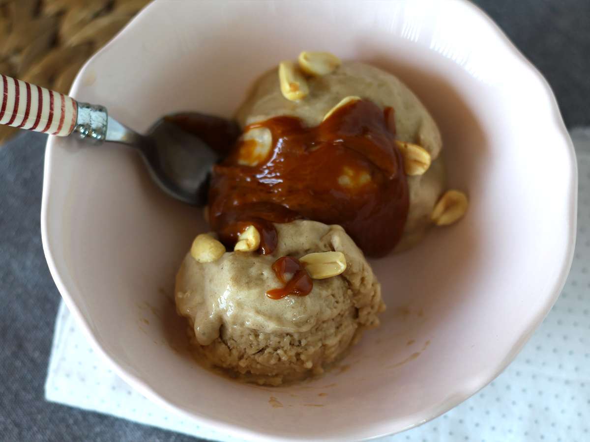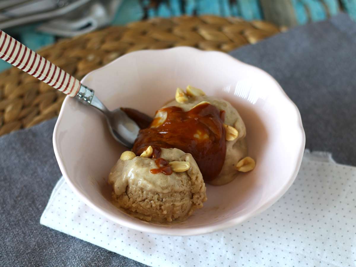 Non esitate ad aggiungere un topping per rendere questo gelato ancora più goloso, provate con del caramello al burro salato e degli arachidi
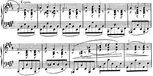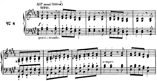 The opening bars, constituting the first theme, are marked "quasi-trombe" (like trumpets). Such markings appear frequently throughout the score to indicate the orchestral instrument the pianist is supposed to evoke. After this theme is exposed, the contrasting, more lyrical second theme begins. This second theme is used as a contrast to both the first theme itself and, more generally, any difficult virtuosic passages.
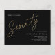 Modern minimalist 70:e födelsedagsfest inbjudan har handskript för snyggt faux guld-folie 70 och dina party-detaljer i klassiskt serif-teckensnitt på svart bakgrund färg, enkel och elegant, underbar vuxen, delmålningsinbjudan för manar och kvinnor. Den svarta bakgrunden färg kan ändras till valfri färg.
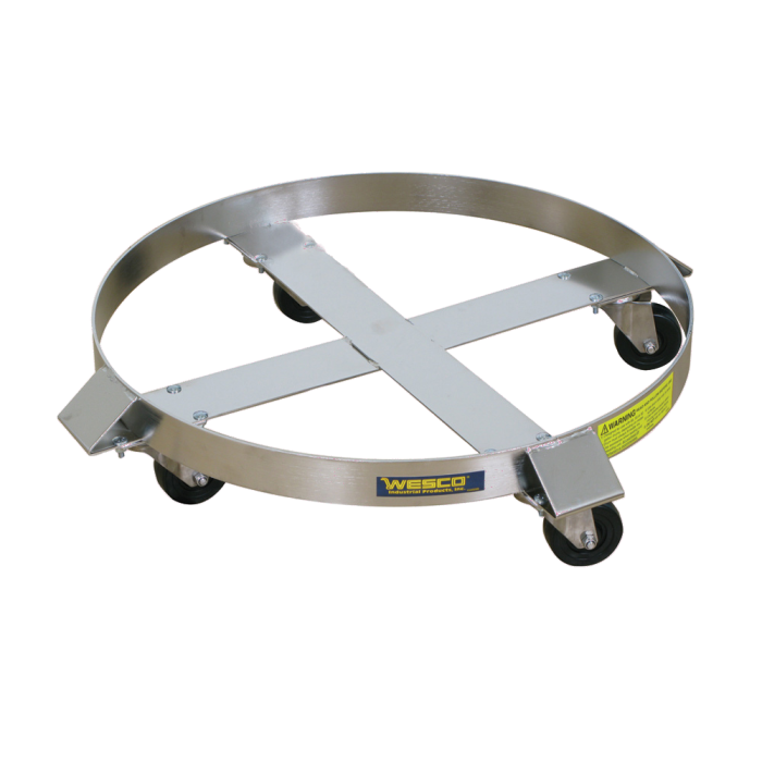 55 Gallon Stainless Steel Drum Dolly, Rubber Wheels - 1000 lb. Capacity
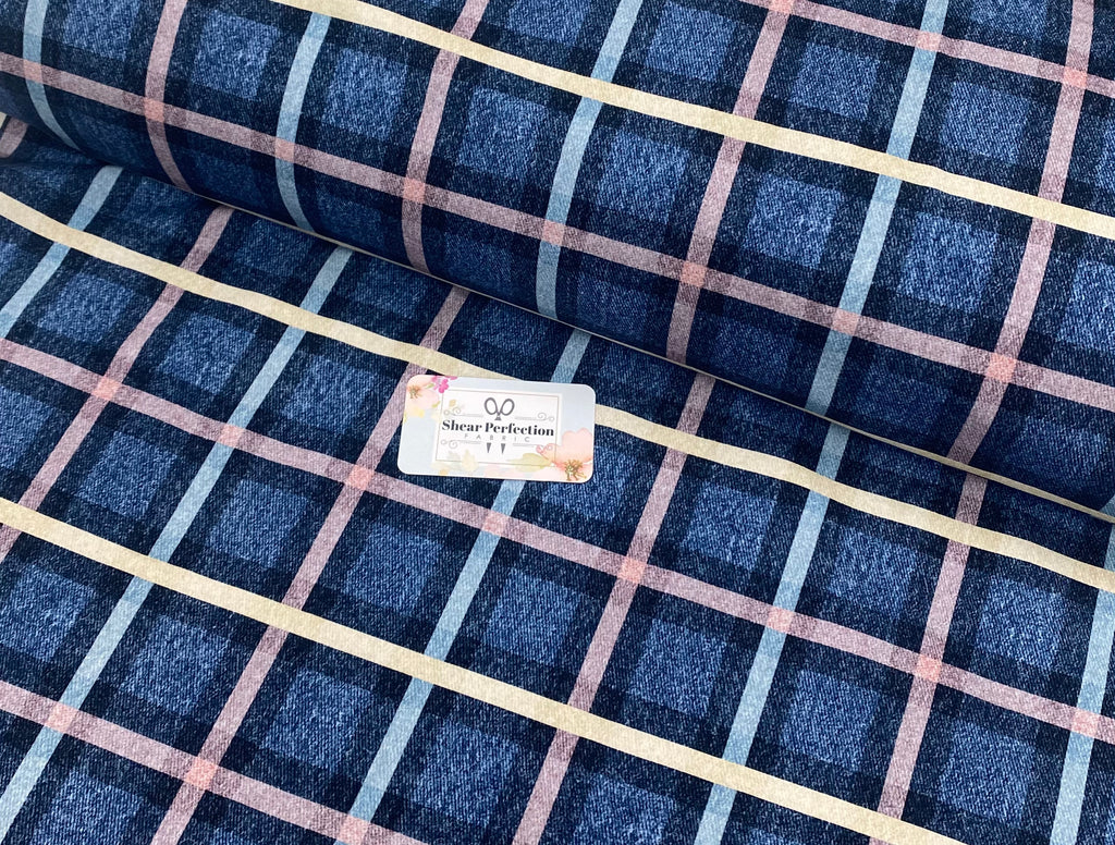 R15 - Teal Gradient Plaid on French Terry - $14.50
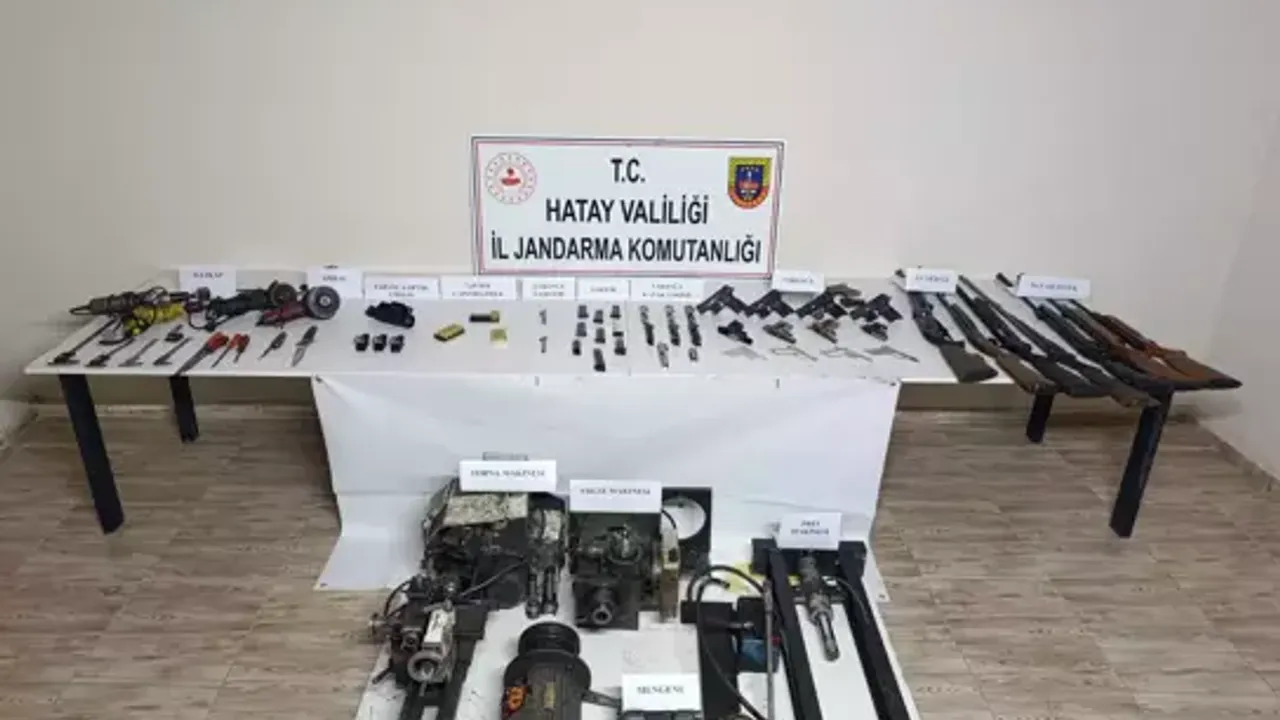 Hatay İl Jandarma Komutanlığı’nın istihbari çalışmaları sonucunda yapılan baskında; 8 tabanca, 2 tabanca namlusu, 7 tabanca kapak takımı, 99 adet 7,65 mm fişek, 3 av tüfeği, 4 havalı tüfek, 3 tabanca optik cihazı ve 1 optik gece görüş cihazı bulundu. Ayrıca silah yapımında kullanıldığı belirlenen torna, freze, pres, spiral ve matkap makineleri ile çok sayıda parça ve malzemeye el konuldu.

• • •

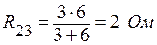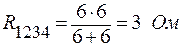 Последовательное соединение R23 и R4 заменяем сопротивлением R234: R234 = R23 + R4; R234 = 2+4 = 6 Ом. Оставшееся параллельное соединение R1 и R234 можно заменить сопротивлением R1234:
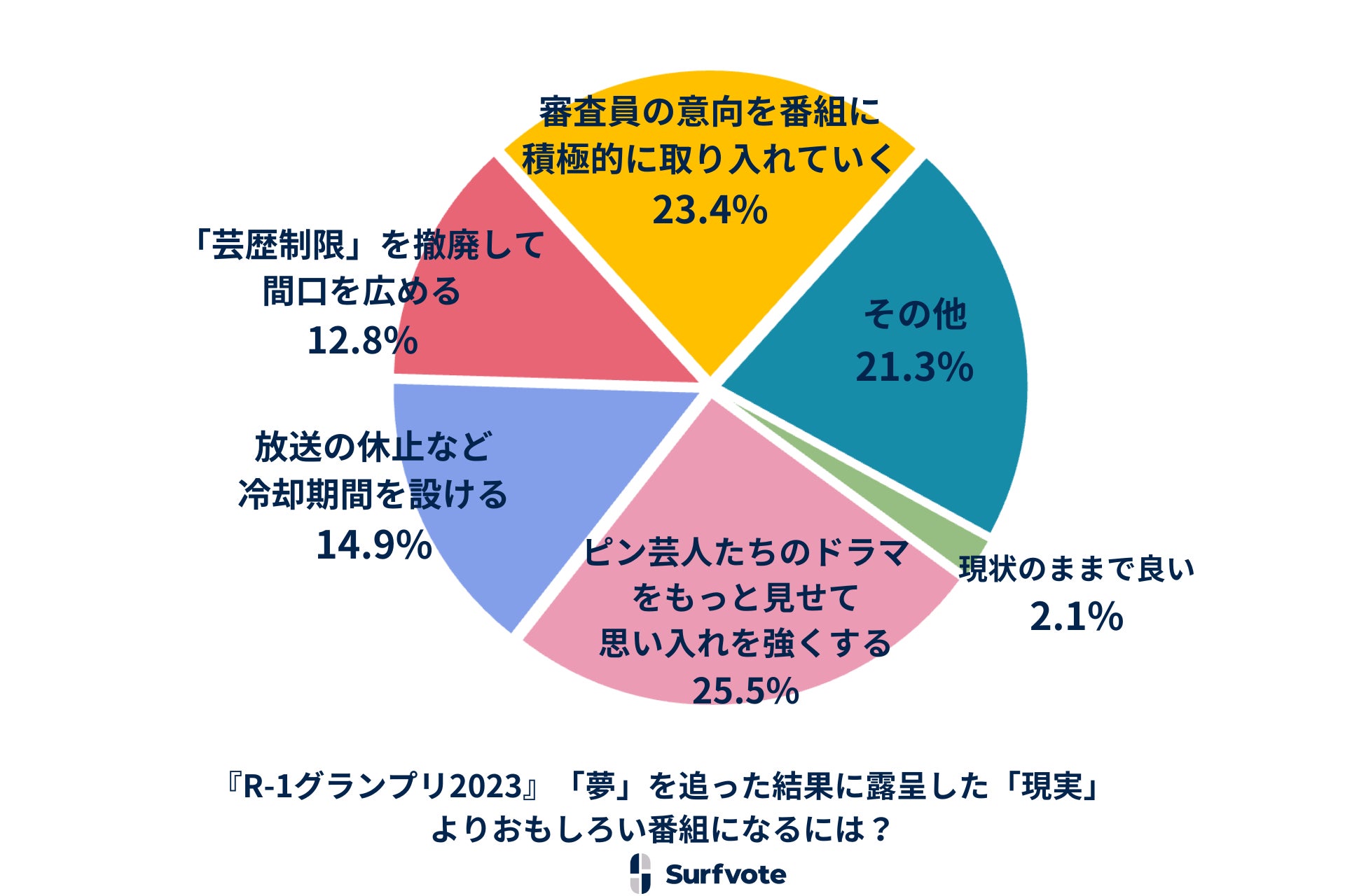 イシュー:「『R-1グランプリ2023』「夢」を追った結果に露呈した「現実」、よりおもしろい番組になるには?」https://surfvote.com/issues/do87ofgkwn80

• • •

The answer is those lines of the material above that run from the one containing "Последовательное соединение R23" up to and including the one containing "イシュー:「『R-1グランプ", restated exactly and without images.

Finished task =
 Последовательное соединение R23 и R4 заменяем сопротивлением R234: R234 = R23 + R4; R234 = 2+4 = 6 Ом. Оставшееся параллельное соединение R1 и R234 можно заменить сопротивлением R1234:
 イシュー:「『R-1グランプリ2023』「夢」を追った結果に露呈した「現実」、よりおもしろい番組になるには?」https://surfvote.com/issues/do87ofgkwn80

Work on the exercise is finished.